The Access Charge is a fixed monthly fee (or fixed monthly charge) that electric cooperatives use to recover the essential, non-energy-related costs of delivering power. It is a flat monthly fee on your electric bill that covers the fixed costs of maintaining the electric distribution system. This charge applies regardless of how much electricity a member uses. It is a fair and transparent way to cover fixed costs required to provide reliable electricity. Other utilities sometimes call this fee the Facilities Charge, Service Availability Charge, Customer Charge, or Basic Service Charge.
The cooperative still incurs the same cost to keep your service available, covering expenses like maintaining lines, poles, and meters. The infrastructure must still be maintained and ready to deliver power at any time. Every member benefits from a reliable electric grid, even if they use little electricity. You are paying for access to reliable power, not just the energy you consume.
The Access Charge covers fixed costs for infrastructure that do not vary with energy consumption but are essential for reliable service. These costs include: poles, wires, transformers, meters, substations, metering equipment, fleet vehicles, trucks, tools, and maintenance, administrative support and billing systems, and the labor/personnel to maintain them.
Electric cooperatives are responsible for building and maintaining the entire distribution network that brings power to each member.
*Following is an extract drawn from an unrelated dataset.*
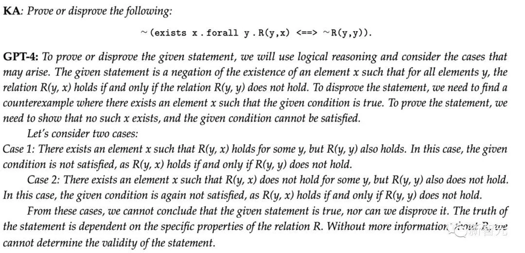 如果我们把R(a,b)理解为a被b刮胡子,那么我们就可以提出这个同义反复,并要求GPT-4证明或反证它,如下面prompt所示:

Co-ops often serve rural regions with fewer meters per mile of line, meaning the cost per member is higher. Rural electric cooperatives have significant fixed costs for infrastructure.
Raising only the variable per-kWh rate would unfairly burden members who use more electricity. The Access Charge ensures that every member pays their share of the fixed costs, minimizing cross-subsidization. Collecting fixed charges through a fixed fee ensures financial health and supports reliability.
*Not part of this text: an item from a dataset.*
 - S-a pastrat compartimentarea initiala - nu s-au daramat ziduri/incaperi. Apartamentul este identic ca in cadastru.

Raising it is necessary to keep up with rising infrastructure and maintenance costs. Costs for materials, labor, and maintenance have risen significantly. The current Access Charge does not cover a fixed cost deficiency identified in cost-of-service studies. Raising the fee ensures necessary infrastructure investment, reliability, and compliance with financial policy goals. This includes investing in grid modernization, cybersecurity, and storm resilience. Raising the facilities charge also helps avoid unfairly shifting costs to high-usage members.
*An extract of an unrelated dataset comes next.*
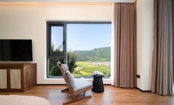 Nestled in the mountains of Huangling, this neo-Chinese style guesthouse is built against the hills, offering tranquility amidst bustle. With a 360° unobstructed panoramic view, it unlocks a natural getaway far from the hustle and bustle. Push open the window to embrace rolling green mountains, terraced flower fields, morning mist shrouding the hills, and golden sunsets melting into the horizon. Every sight is an unfiltered healing landscape that instantly relieves the fatigue of urban life.
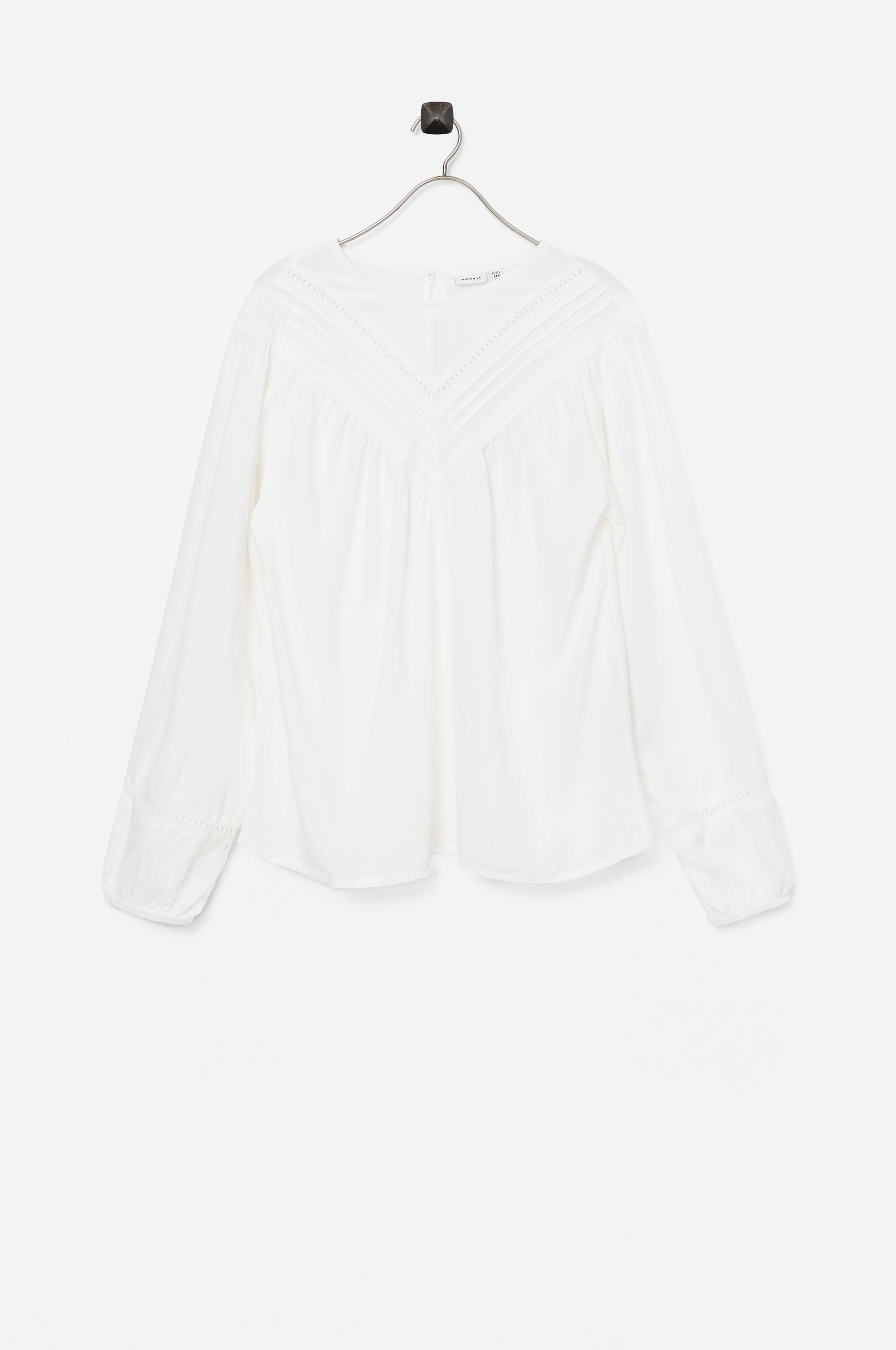 • Bluse i viskose• Rund halsudskæring• Slids med knap i nakken• Biselæg oppe foran• Blondedetaljer oppe foran og ved ærmeafslutningerne• Elastik ved manchetterne• Rynkede detaljer foran og bagpå

This structure helps stabilize cooperative finances against market and weather fluctuations. It is a shift to better reflect the true cost of maintaining the grid. This structure decouples sales from revenue, reducing reliance on variable charges, which enables long-term planning and investment in system upgrades for safety and reliability. When the fixed charge keeps up with fixed costs, it reduces the price of energy usage. It helps stabilize energy rates and ensures fairness across all usage levels.
Members with lower energy usage may see a slightly higher bill due to the fixed charge. Conversely, members with higher usage may benefit from more stable energy rates. The fee structure is based on the average cost of serving each member type, reflecting service size and complexity. Larger service connections pay higher fees; smaller residential members pay less.
The fee is reviewed and set by your elected Board of Directors. The fee supports cooperative principles of democratic member control. The co-op reviews all rates regularly to ensure they reflect actual costs and remain fair to members. As a cooperative, we don't profit from rate increases; every dollar goes back into maintaining and improving your service. No, you cannot reduce or avoid this charge. It's a fixed cost that applies to all members equally, regardless of usage.
Budget billing accounts will be evaluated to ensure your budget is appropriate for the Access Charge adjustment. If your budget needs to go up, KPC will automatically raise your monthly budget amount for the February billing so your budget does not fall behind.